- Problem statement
For this exercise, retype the lines from the one that holds "- 건설 메뉴에서 Open in Codex를 사용하여 필요한 재료와 레시피 확인" through the one that holds "拍摄于嘉庚大舞生比赛现场,一" in the records below, both included, exactly and without pictures.

- Task inputs
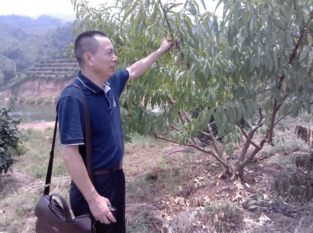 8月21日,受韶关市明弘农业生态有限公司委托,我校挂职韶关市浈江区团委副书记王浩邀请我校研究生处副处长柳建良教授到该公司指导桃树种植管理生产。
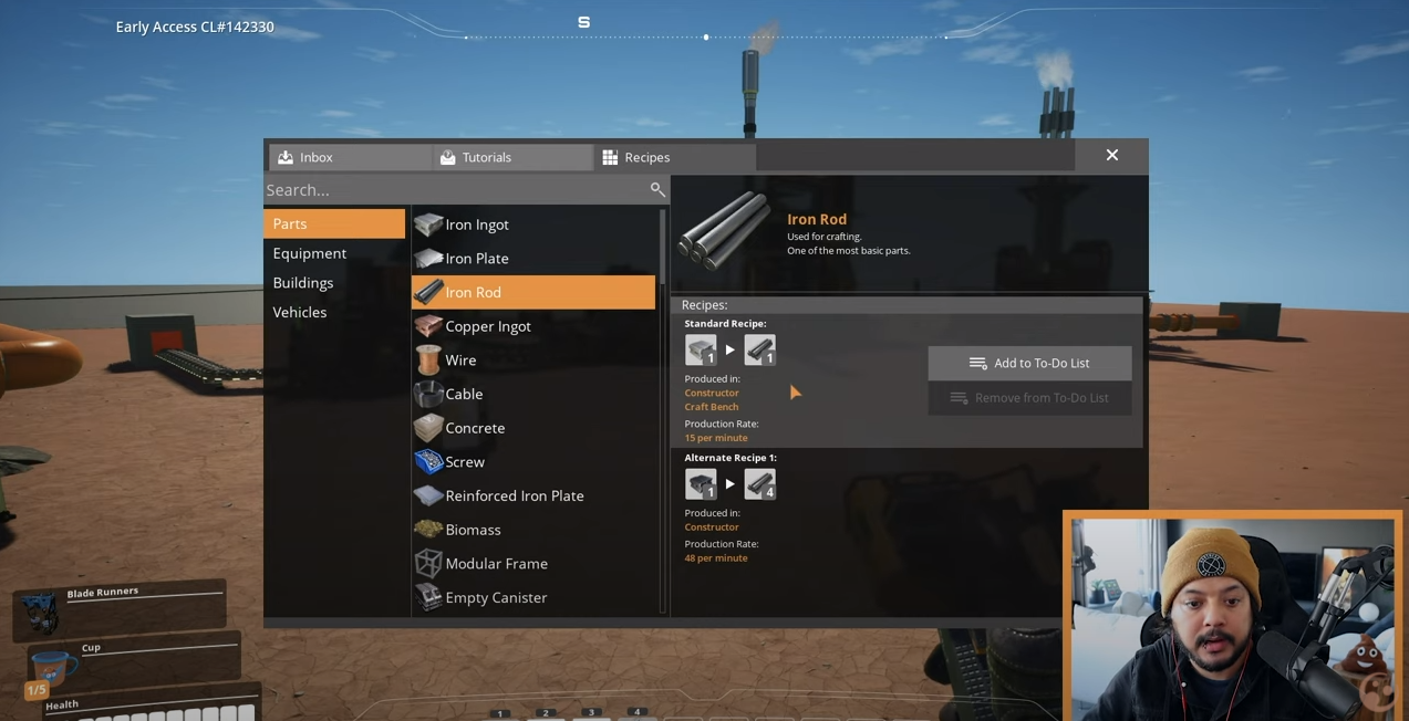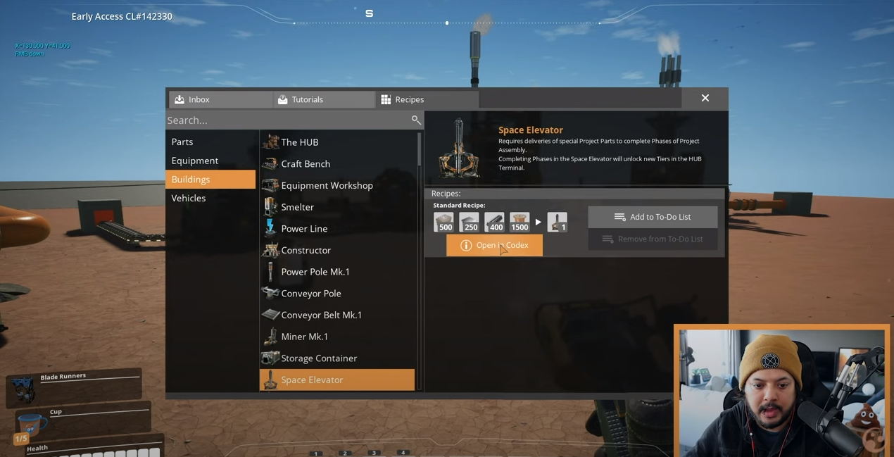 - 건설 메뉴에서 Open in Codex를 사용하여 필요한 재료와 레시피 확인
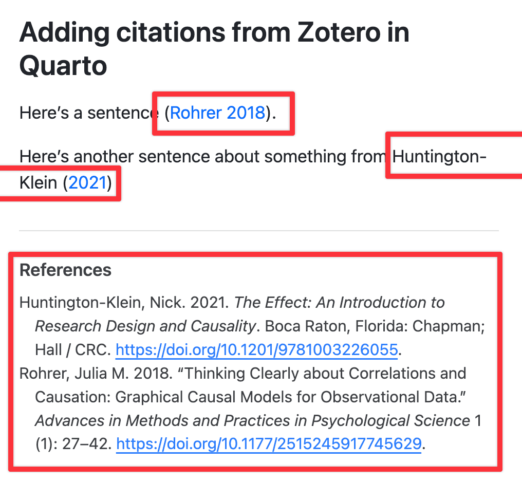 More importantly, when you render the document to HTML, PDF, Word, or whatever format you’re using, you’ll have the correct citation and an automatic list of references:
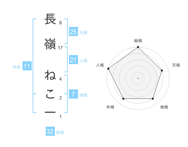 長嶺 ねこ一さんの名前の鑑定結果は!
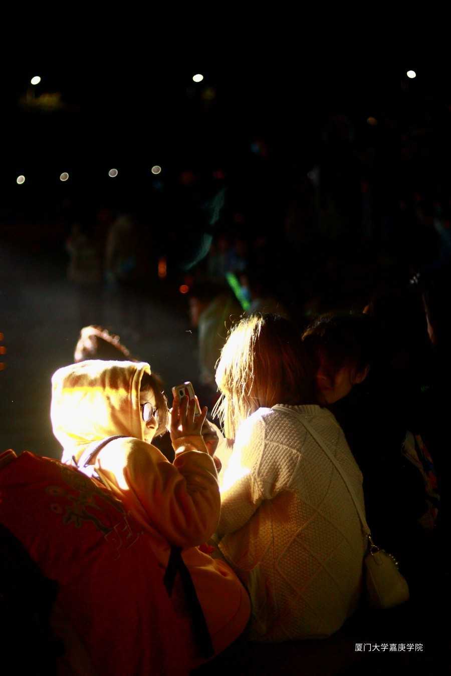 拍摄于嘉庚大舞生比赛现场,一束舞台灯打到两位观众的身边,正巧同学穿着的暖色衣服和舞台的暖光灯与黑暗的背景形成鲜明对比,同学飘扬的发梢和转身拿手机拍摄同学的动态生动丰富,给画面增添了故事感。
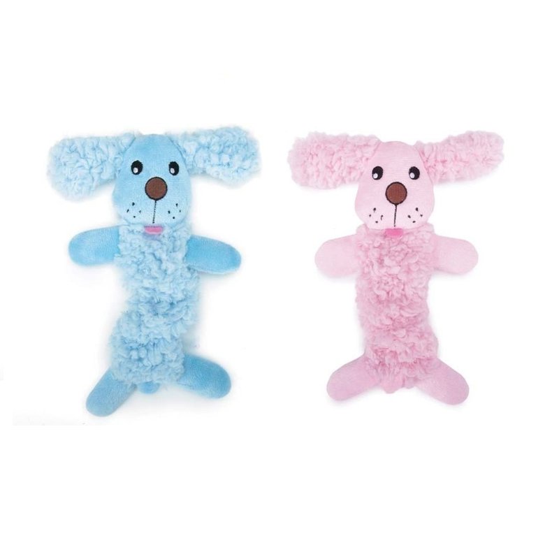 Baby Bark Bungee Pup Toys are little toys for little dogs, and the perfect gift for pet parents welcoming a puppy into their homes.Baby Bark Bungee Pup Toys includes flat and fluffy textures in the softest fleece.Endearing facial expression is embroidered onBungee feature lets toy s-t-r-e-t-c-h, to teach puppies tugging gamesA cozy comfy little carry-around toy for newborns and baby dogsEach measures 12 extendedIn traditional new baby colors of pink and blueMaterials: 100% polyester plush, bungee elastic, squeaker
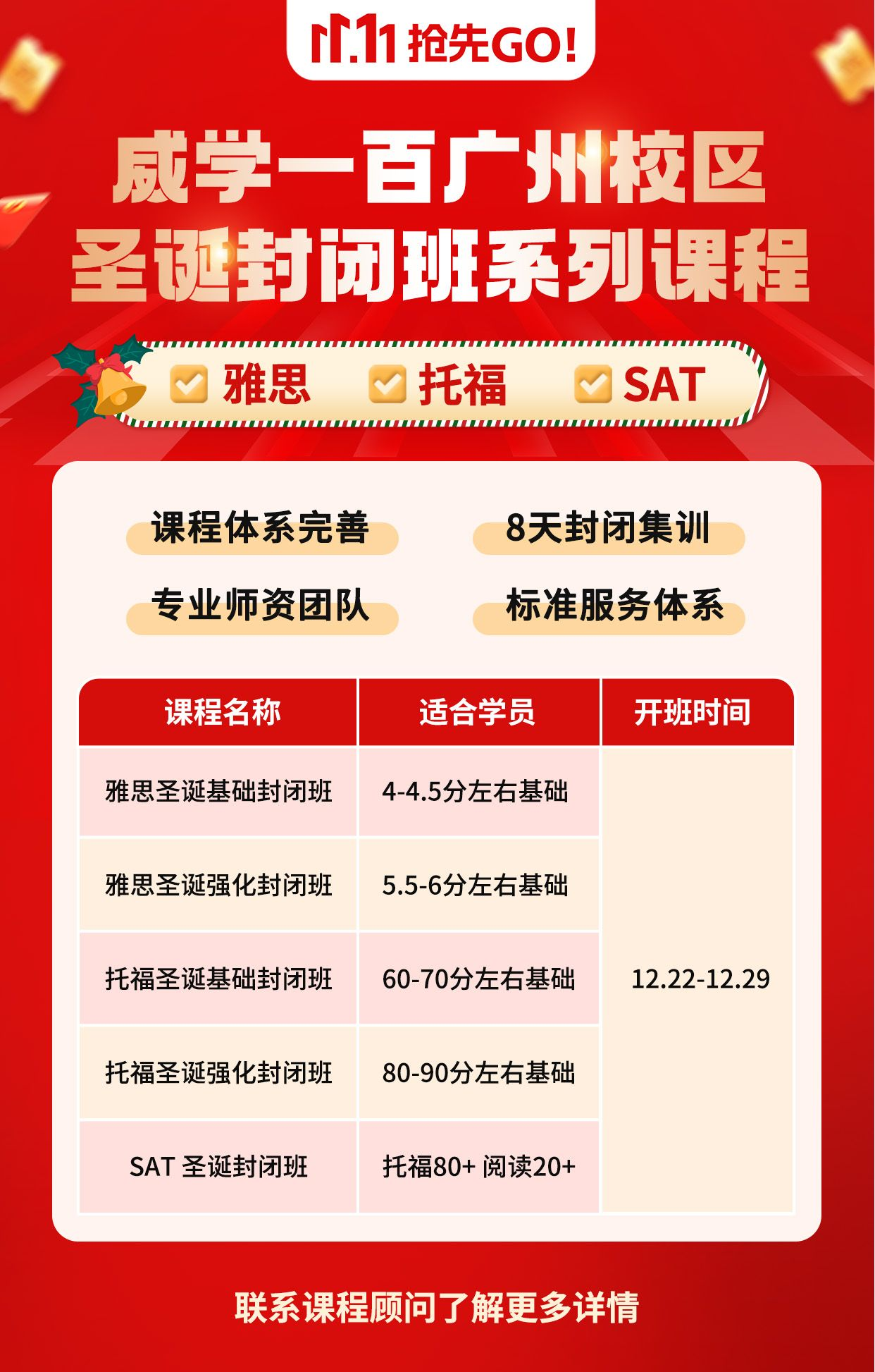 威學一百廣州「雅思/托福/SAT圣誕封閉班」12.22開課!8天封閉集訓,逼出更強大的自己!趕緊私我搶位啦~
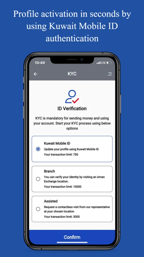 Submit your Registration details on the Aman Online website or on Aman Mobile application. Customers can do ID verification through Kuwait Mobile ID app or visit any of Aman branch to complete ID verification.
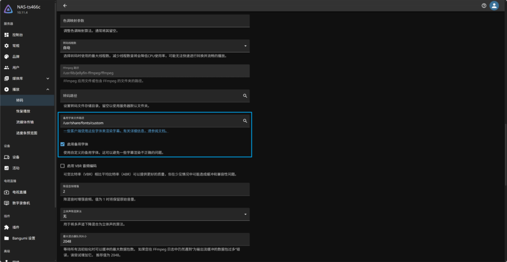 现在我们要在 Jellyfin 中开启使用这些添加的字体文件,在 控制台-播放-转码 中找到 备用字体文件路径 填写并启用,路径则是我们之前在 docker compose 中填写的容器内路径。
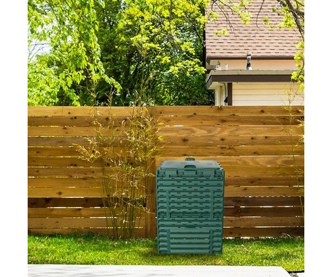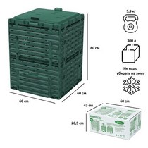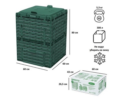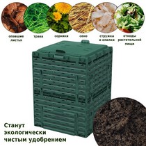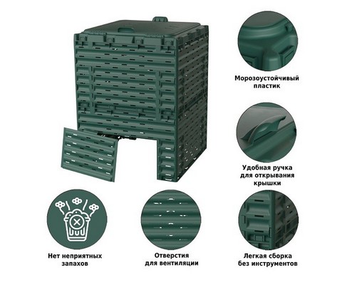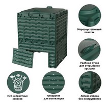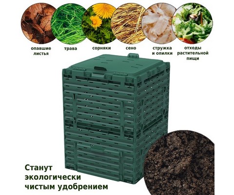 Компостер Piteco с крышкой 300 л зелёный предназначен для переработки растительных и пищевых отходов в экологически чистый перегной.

- Your solution
 - 건설 메뉴에서 Open in Codex를 사용하여 필요한 재료와 레시피 확인
 More importantly, when you render the document to HTML, PDF, Word, or whatever format you’re using, you’ll have the correct citation and an automatic list of references:
 長嶺 ねこ一さんの名前の鑑定結果は!
 拍摄于嘉庚大舞生比赛现场,一束舞台灯打到两位观众的身边,正巧同学穿着的暖色衣服和舞台的暖光灯与黑暗的背景形成鲜明对比,同学飘扬的发梢和转身拿手机拍摄同学的动态生动丰富,给画面增添了故事感。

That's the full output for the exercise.